More publicity can be good and bad: On the one hand, the public (including advisors) gets a better overview of how foreign investment control reviews are handled and where the government is headed. On the other hand, parties to an M&A transaction usually like to avoid public discussions on their case, with multiple stakeholders weighing in. While many criticize that the German Ministry for Economic Affairs does not even publish a list of ongoing reviews, the concerned parties often appreciate it not becoming public that their deal is undergoing a foreign investment control review.

At least to some extent, that certainty is in question. The majority of cases will of course not be as problematic as the three described above – still, in cases which might raise some concerns, acquirers should be cautious of the risk that more information than in the past could reach the public.

It remains to be seen whether that is just a sign of the times, a result of a changed policy of the Ministry for Economic Affairs, or a by-product of a three party-government whose members do not always seem to favour the same approach. It is, in any event, a somewhat new development that the Ministry for Economic Affairs issued press releases on both HHLA and Elmos; we have not seen similar releases in all of the prior prohibitions.

A tighter regime – Little chance for China?

In the immediate aftermath to the three deals, members of all governing parties have called for an amendment and further tightening of the German foreign investment control regime. As a gentle reminder, the legislator did not sit on its hands in recent years: The regime was amended several times in the last two years alone. And even though another update of the rules was expected, it now looks like that update could be rather significant.

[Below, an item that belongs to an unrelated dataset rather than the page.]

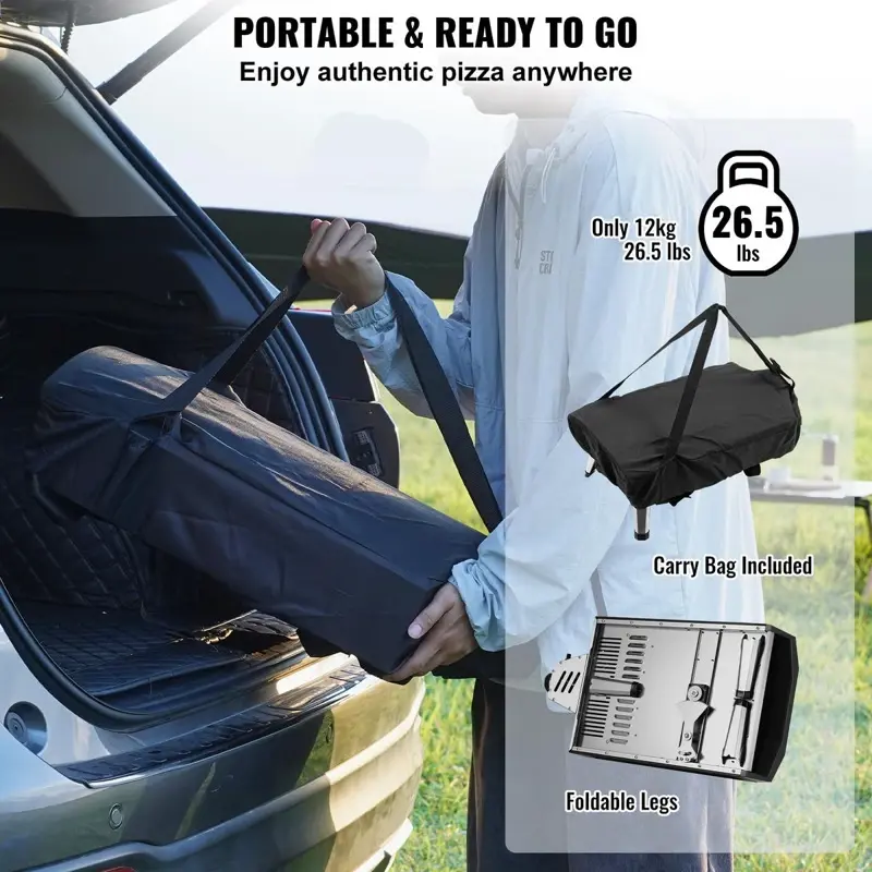 Excepcional diversión de pizza al aire libre: el horno de pizza a gas VEVOR de 13 pulgadas proporciona calor consistente y controlable y una combustión limpia para una fácil limpieza. Ideal para entusiastas de la pizza y amantes de la cocina al aire libre. Ofrece un rendimiento confiable en cualquier clima. Es perfecto para fiestas en el patio trasero y camping

This also means that Chinese investors cannot hope for easier times in the near future. Deals are likely still doable, but best outside any sector that could be regarded as somewhat strategic by the government. Together with the failure of GlobalWafer’s takeover of Siltronic (see here), this year the German government has stopped three acquisitions by Chinese and Taiwanese companies in the semiconductor industry. On the upside for Chinese acquirers, there are reportedly 17 ongoing foreign investment control reviews concerning China, and it is hard to imagine that all or even a majority of these will lead to prohibitions.